The Spartan-6 was introduced by Xilinx in 2009 and the follow on Spartan-7 in 2015. As semiconductor fabs move to newer process nodes older processes become less cost effective and production volumes decrease. Due to current shortages of Spartan-6 parts, Xilinx is encouraging migration of designs to the newer Series 7 FPGAs.
Xilinx has done a great job of documenting differences between the Spartan-6 and Spartan-7 FPGAs in order facilitate that migration. The two best references I've seen are the white paper and webinar, both done with Adam Taylor from Andiuvo Engineering.
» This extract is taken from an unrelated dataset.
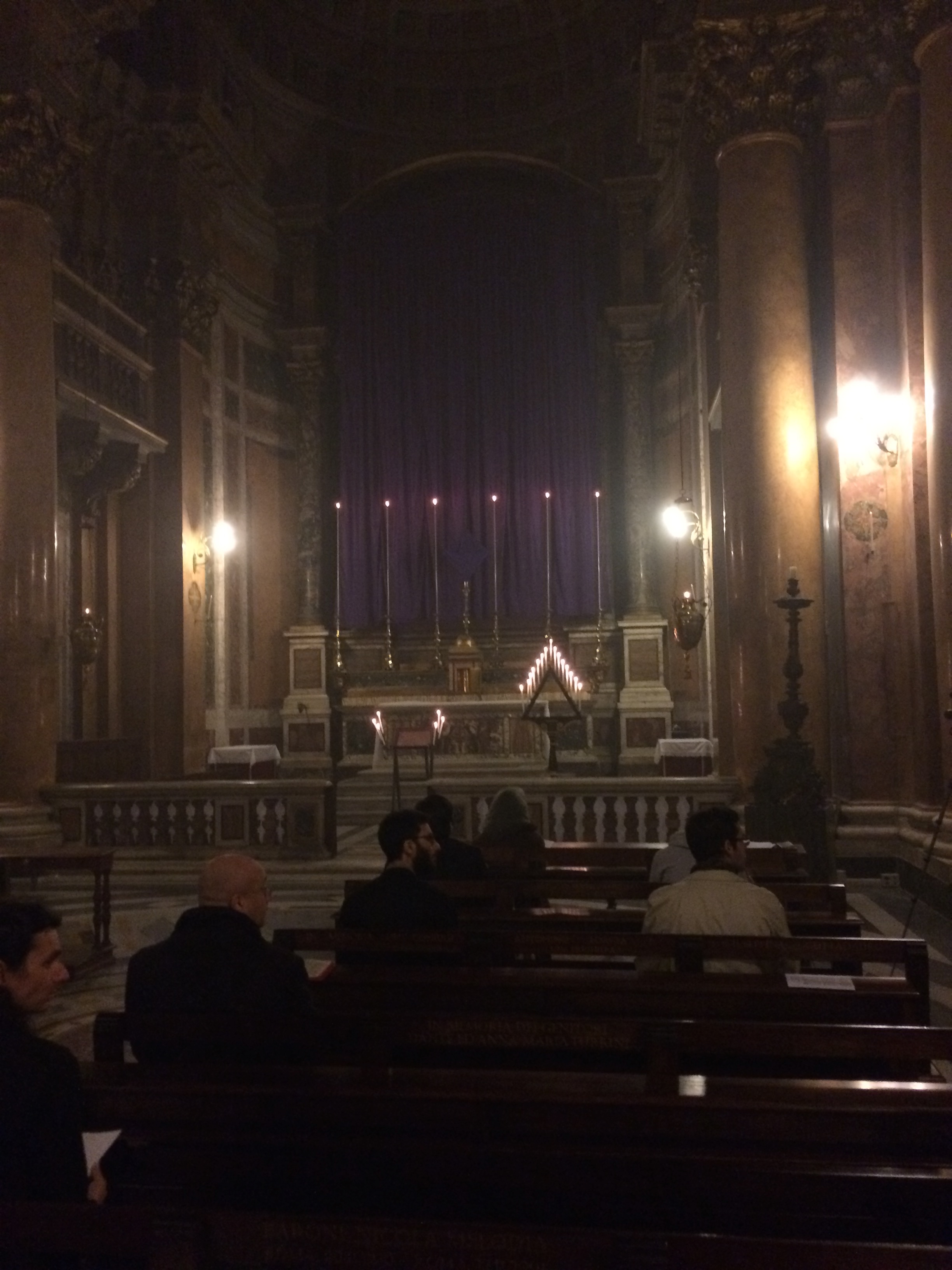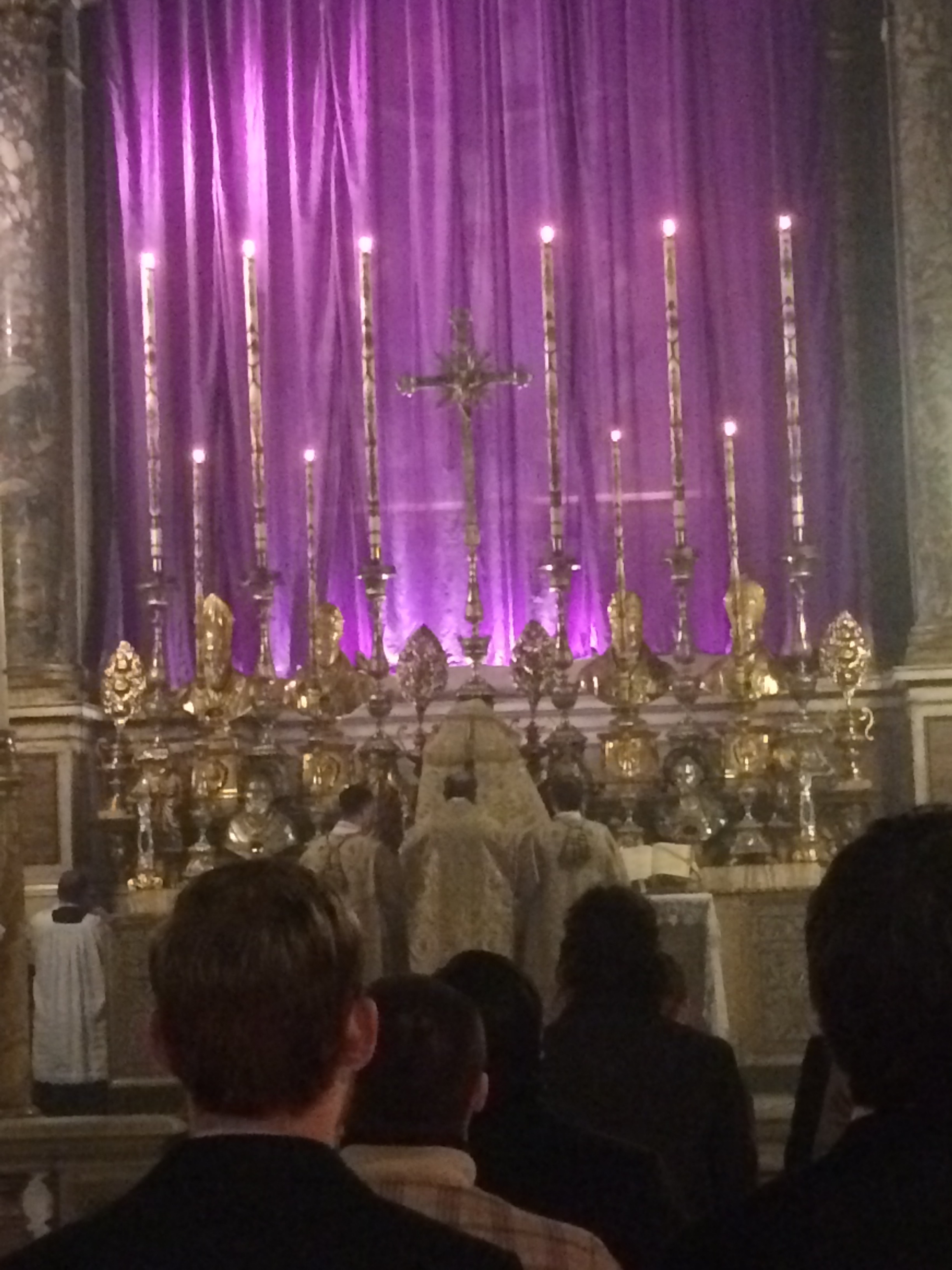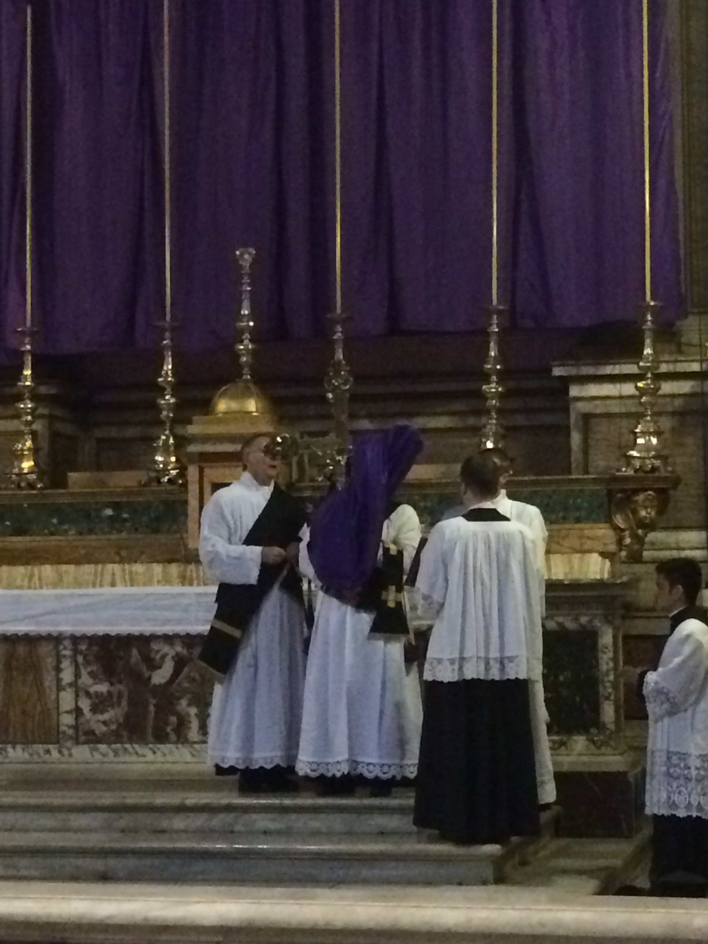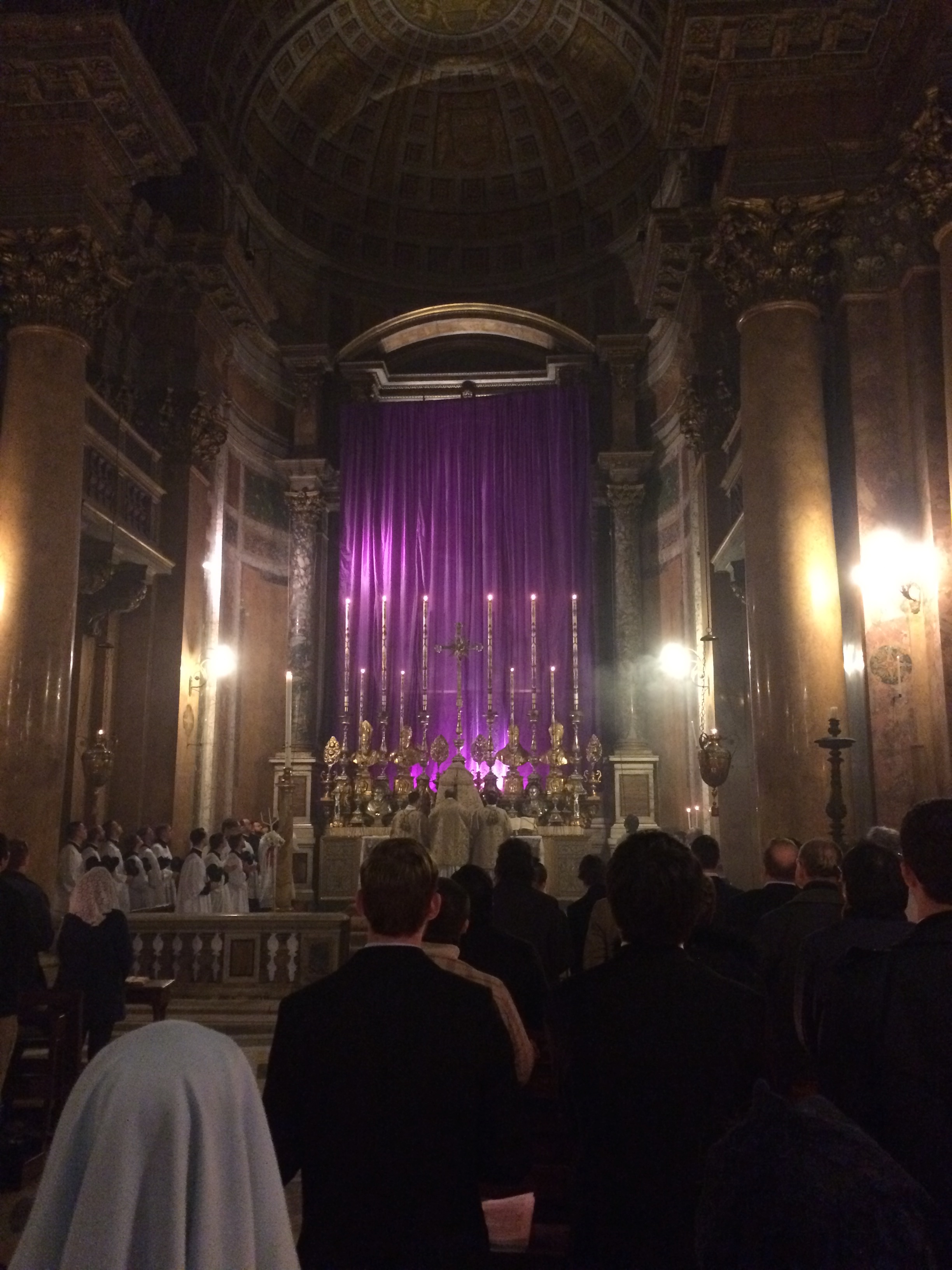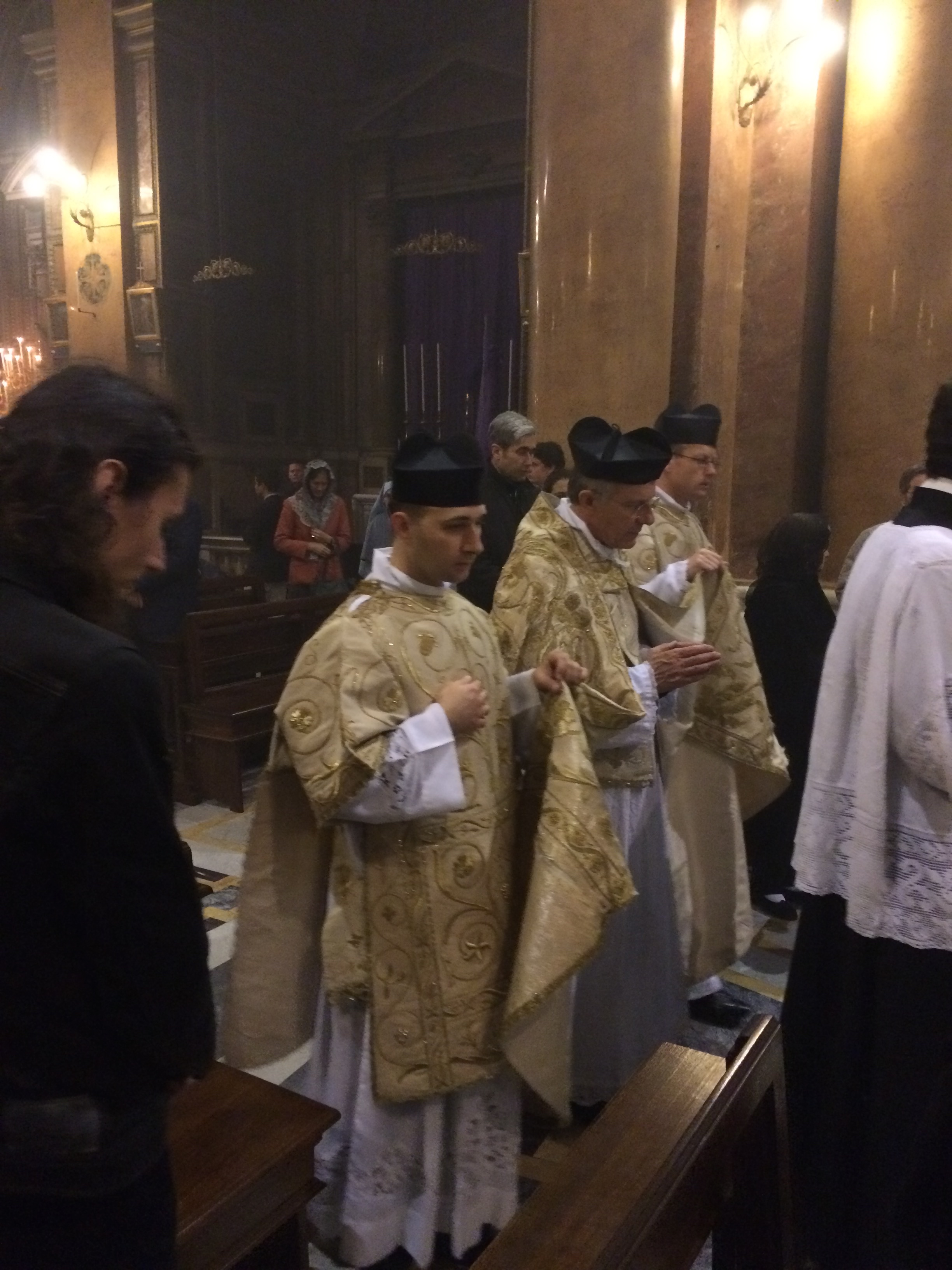 Nell’augurare a tutti i lettori una Santa Pasqua, pubblico alcune foto del Triduo pasquale in rito antico presso la Parrocchia Personale della SS.ma Trinità dei Pellegrini a Roma. Tutte le celebrazioni hanno visto una grandissima affluenza di fedeli, accorsi da più parti dell’Urbe e dell’Orbe, tanto che per trovare un posto era necessario raggiungere la Chiesa almeno mezz’ora prima dell’inizio delle celebrazioni. Questo è un evidente segno del fatto che la fedeltà alle rubriche non è solo un’inutile formalismo, ma anzi è molto apprezzata dai fedeli (e da Dio innanzitutto!), i quali spesso affrontano notevoli sacrifici economici e non solo per poter assistere a questi riti celebrati veramente come Dio comanda! Ci si augura che l’esempio degli ottimi e preparatissimi Sacerdoti e Ministranti della Parrocchia Personale della SS.ma Trinità dei Pellegrini sia seguito in tutte le Chiese in cui si applica il motu proprio «Summorum Pontificum» di Benedetto XVI.

Webinar Mastering the Migration Journey from Spartan-6 FPGAs
I'll try to highlight what I learned from those resources.
Hardware differences
A significant change is that the Series 7 FPGAs are built with the next generation process node moving down from 45nm to 28nm. This enables higher performance and higher circuit density and lower power. The Spartan-7 has 2X the relative performance per watt than the Spartan-6 as shown in the chart below. The chart also shows improved memory speed from DDR3-800 to DDR3-1066.
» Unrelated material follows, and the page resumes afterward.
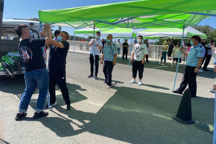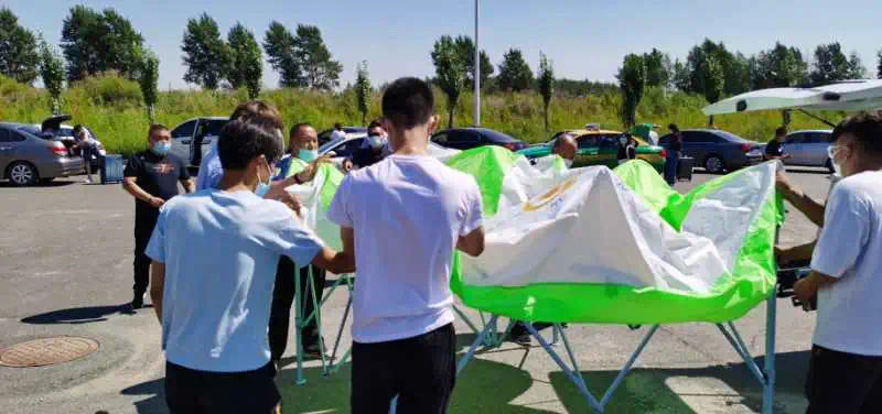 02為送行家長們準(zhǔn)備遮陽棚
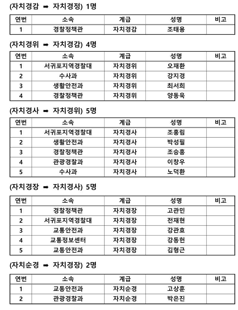 ※ 2026년 제주자치경찰 승진자 명단

The Spartan-7 does have some tradeoffs in a smaller Max I/O count (400 vs 576) and the lack of transceiver cores (Gb SerDes and PCIe). If these features are required, then the design needs to be implemented using Artix-7 FPGAs.
There are also a number of significant architectural changes. These are listed in the following table.
Toolchain differences
There are also significant improvements in the development toolchain between Spartan-6 and Spartan-7.
The Spartan-6 uses Xilinx ISE for hardware development and Xilinx SDK for software development. The Spartan-7 devices are using the newer Vivado tool for hardware and Vitis for software. There is a huge improvement in design efficiency gained by using these new tools. Vivado allows working with pure RTL designs, but it also leverages a large IP library managed using the Vivado IP integrator. On the software side, Vitis is a unified software platform that provides a high level framework with open-source libraries that have been optimized for Xilinx FPGAs.
Summary
Spartan-6 devices are nearing end-of-life (EOL) and should not be considered for new designs, but the newer generation Spartan-7 device capabilities and toolchain should allow the design migration from legacy parts. The specific IP and IO requirement utilized in the Spartan-6 design could require using a different 7 Series part other than the Spartan-7.
For new designs, the Spartan-7 is a clear choice due to higher performance, power efficiency, and improved toolchain (with exceptions requiring other 7 Series parts).